Saturday, April 11, 2020

Always more


John 19:38-42

After this, Joseph of Arimathea, who was a disciple of Jesus -- though a secret one because he was afraid of the Jews -- asked Pilate to let him remove the body of Jesus. … Nicodemus came as well … and he brought a mixture of myrrh and aloes, weighing about a hundred pounds. They took the body of Jesus and bound it in linen cloths with the spices, following the Jewish burial custom. At the place where he had been crucified there was a garden, and in this garden a new tomb in which no one had yet been buried. Since it was the Jewish Day of Preparation and the tomb was nearby, they laid Jesus there.

Always more

Well, that is that. Close the book. The most remarkable life ever lived is finished. Over. Done. Time to go home and forget it ever happened.
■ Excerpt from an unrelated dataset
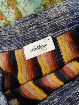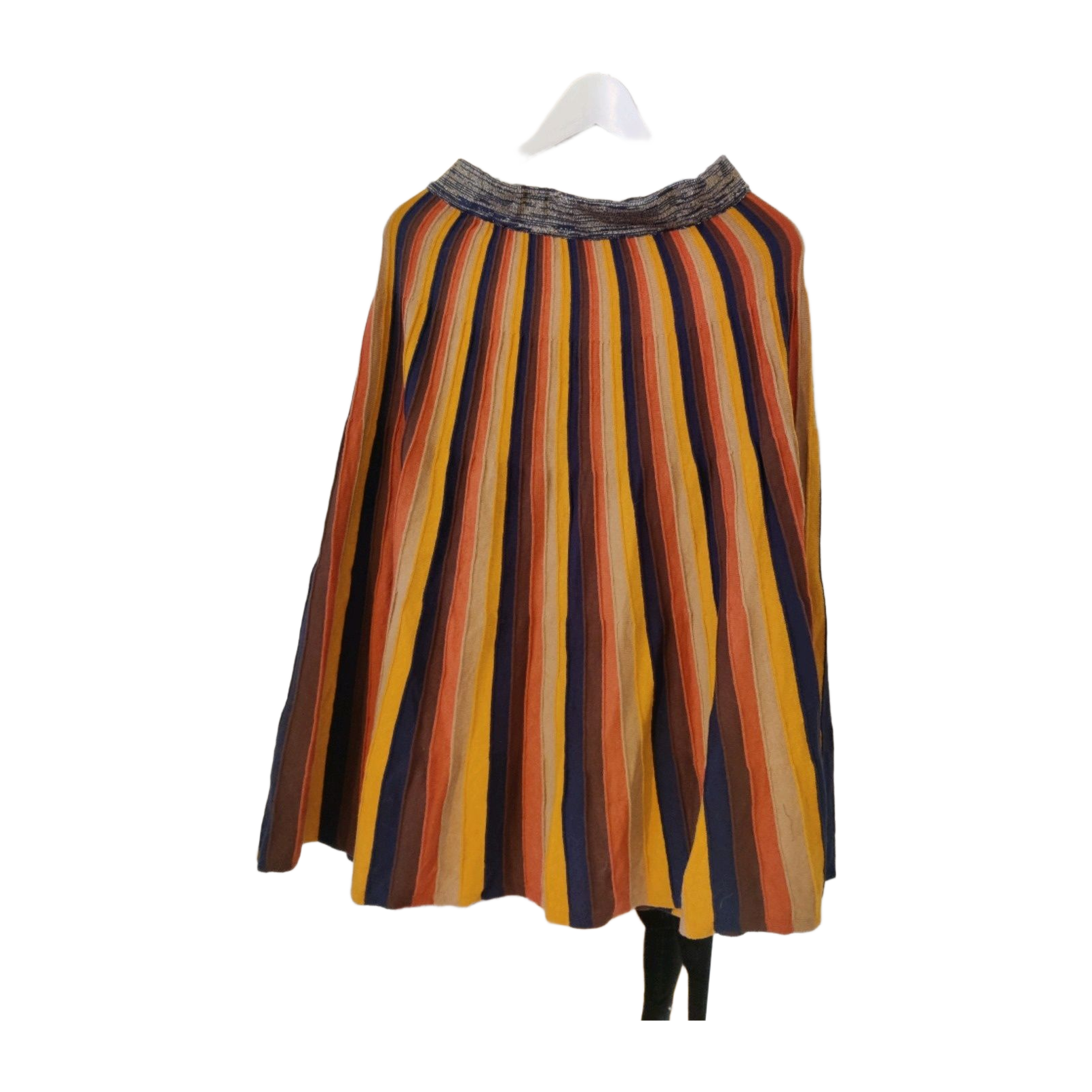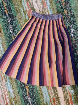 Beautiful vertically striped vintage skirt! The fabric stretches, as does the waistband, which has a wide elastic sewn in. Impeccable condition.

Caiaphas returns home to celebrate Passover. Pilate stretches out on his couch and drinks more than usual, knowing he has executed an innocent man. But it wasn’t the first time. It needed to done, he tells himself.

Joseph of Arimathea and friends go to prepare the tomb, brush away the dust and lay out the spices and linens.
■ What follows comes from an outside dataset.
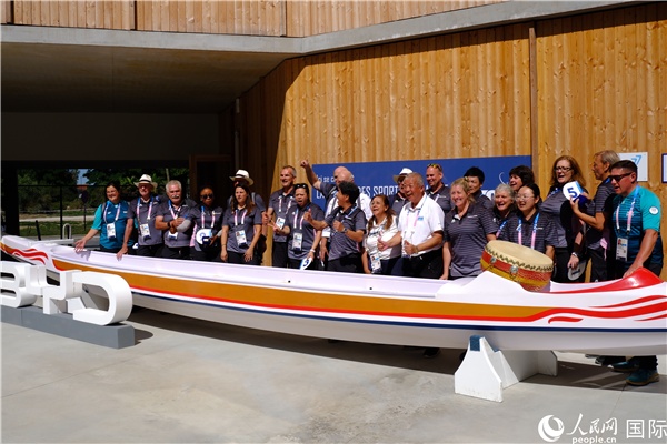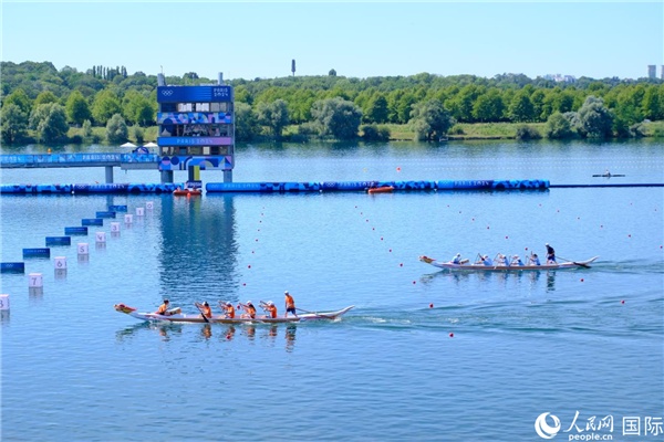 8月10日,中國競技龍舟在馬恩河畔韋爾航海體育場進(jìn)行展示表演。人民網(wǎng)記者 尚凱元攝

Fumbling with the dead weight of Jesus’ body, they wrap him in strips of cloth—his feet and legs, hands and side, chest and shoulders, until, finally, his face … the face they loved even if they seldom understood him.

They carry out their heartbreaking work and lay their hopes to rest, burying the yearning they felt whenever they heard his voice.

All is quiet now. The crowds have dispersed. Public order is restored. The ancient lust for the blood has been satisfied.

Now is the hour of regret and sorrow, of whispers in the silence and echoes of what might have been. That’s all we have.

But that is not all God has. God has more. God is always more, more love, more life. Jesus trusted that more all the way to the cross.

And so we wait, trusting the One who is all life and all love because Sunday’s coming. The gloom of despair will be lit with the light of everlasting morning. The garden of sorrow will bloom with the fragrance of eternity.

Because God is more. Always.

Pr. David L. Miller


Friday, April 10, 2020

Hold me to it


Mark 15: 33-35, 37

When it was noon, darkness came over the whole land until three in the afternoon. At three o’clock Jesus cried out with a loud voice, ‘Eloi, Eloi, lema sabachthani?’ which means, ‘My God, my God, why have you forsaken me?’ … Then Jesus gave a loud cry and breathed his last.

Hold me to it

A black Jesus drew me into to a side chapel in the great Gothic cathedral in Barcelona, Spain, during my 2017 pilgrimage. I almost walked by, but the sight of him on the cross would not let me.

He was leprous and beaten, bearing the pangs of death as he hung before a half-dozen people praying among the spare wooden benches facing the crucifix.

I took my place among the benches and watched him. A great love for every suffering of every human soul whispered from the crucifix, “This love will never abandon you. This love will meet you everywhere you go. Look at me … and know. There is no place this love will not go for you.”

I sat and prayed—offering my unanswered questions, the wounds from which I ache to be healed, my regrets about the past and uncertainty about the future, most of all my craving to feel the joy of God’s love warming me through.

When words were done I walked to the back of the chapel but still couldn’t leave. Turing to the crucifix, I shook my finger at Jesus. “I’m holding you to this … this love,” I whispered. I’m holding you to this.”

“It’s okay,” came his reply. “That’s what I am for. Hold me to it.”